Eastern Railway, Howrah Division a synthesis of history, culture and modern technology plays an important role as a spoke in the moving wheel of the Indian Railways.
Railways arrived in India within 30 years of their inauguration in England. Rowland McDonald Stephenson, the first Agent and Managing Director of the East Indian Railway Company submitted the first traffic and Engineering feasibility Report for a line from Calcutta to Mirzapore, to the East India Company. In May 1845, Stephenson established the East Indian Railway Company. On 17th August, 1849 the Court of Directors of East India Company signed an agreement with East Indian Railway Company for construction of a short experimental line from Calcutta to Burdwan, originally proposed by the Company in 1845.

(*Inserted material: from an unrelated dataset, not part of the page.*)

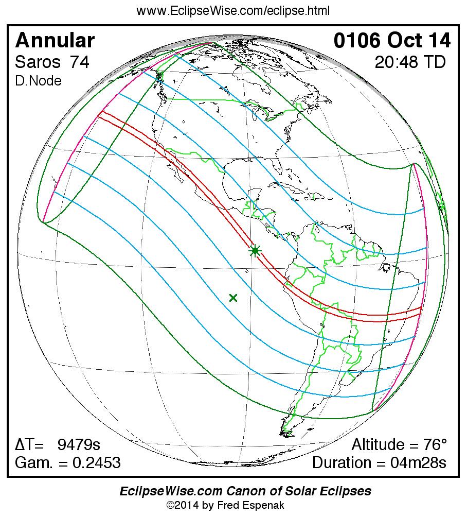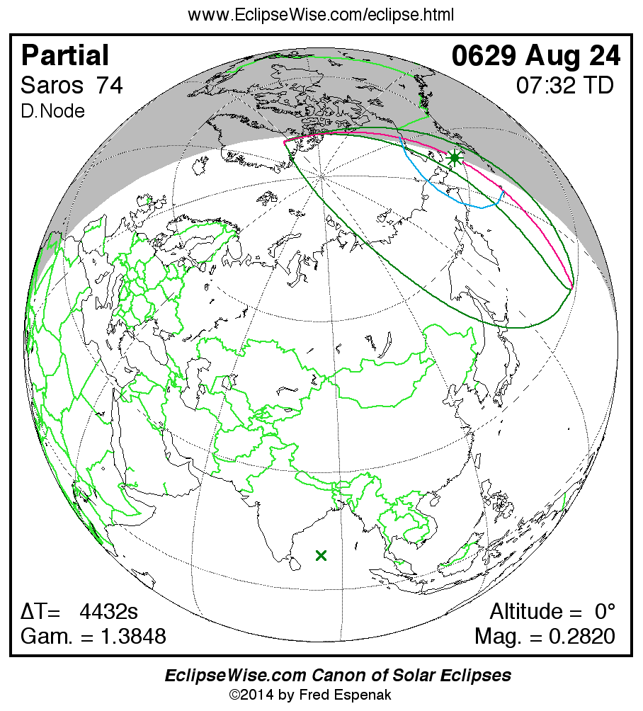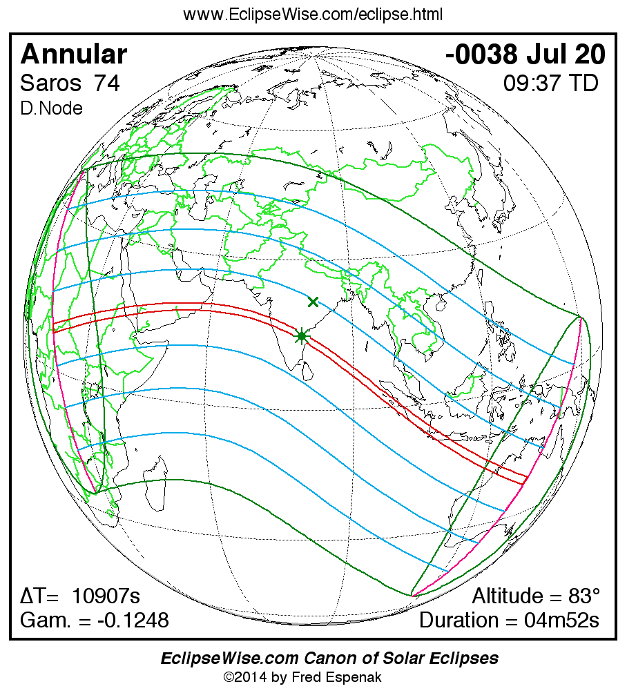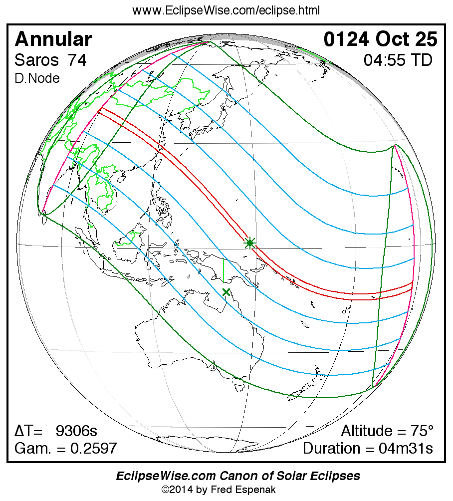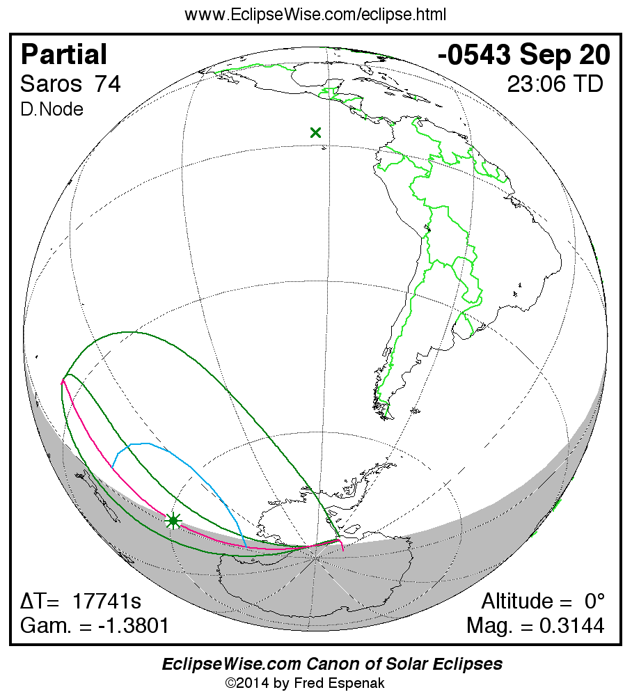 A panorama of all solar eclipses belonging to Saros 74 is presented here. Each map depicts the geographic region of visibility for a single eclipse. For central eclipses, the total or annular path is plotted in either blue (total) or red (annular). The date and time is given for the instant of Greatest Eclipse. Every map serves as a hyperlink to the EclipseWise Prime page for that eclipse where a larger map and complete details for the eclipse can be found. Visit the Key to Solar Eclipse Maps for a detailed explanation of these maps. Near the bottom of the page are a series of hyperlinks for more on solar eclipses.

The East Indian Railway Company’s Managing Director Macdonald Stephenson, George Turnbull, the company’s Chief Engineer, and the engineer Slater made on 7 May 1850 an initial survey from Howrah to Burdwan on the route to the Raniganj coalfields.
Accordingly, the first train of East Indian Railway started its historic ‘zero mile’ journey in 15th August 1854 from the very place where the Howrah Station stands now.
When East Indian Railway laid its first railway line, it also laid the first milestone. This milestone is referred to as the Original Zero Mile.
The Zero Mile bears reference to the gradual land acquisition undertaken by the East Indian Railway. This is evident from the Land acquisition Plans surveyed and drawn at that time. The EIR No. 1 map shows that location of the actual Zero Mile. It was the first milestone engraved on a bronze plate and embedded on the wall of the office of the Divisional Superintendent (now Divisional Railway Manager).
Said to have been found near the Howrah Control, it is the first milestone that was set up when EIR laid the first line for the 1854 journey. Subsequent growth and progress of the Railway line gave birth to the land plans of EIR No. 2, EIR No. 3 and so on.
With the gradual evolution from the temporary structure of Howrah station at Zero Mile, the station building is now visible as a mammoth architecture with blending of modernity and ethnicity having a footfall of lakhs of people on daily basis.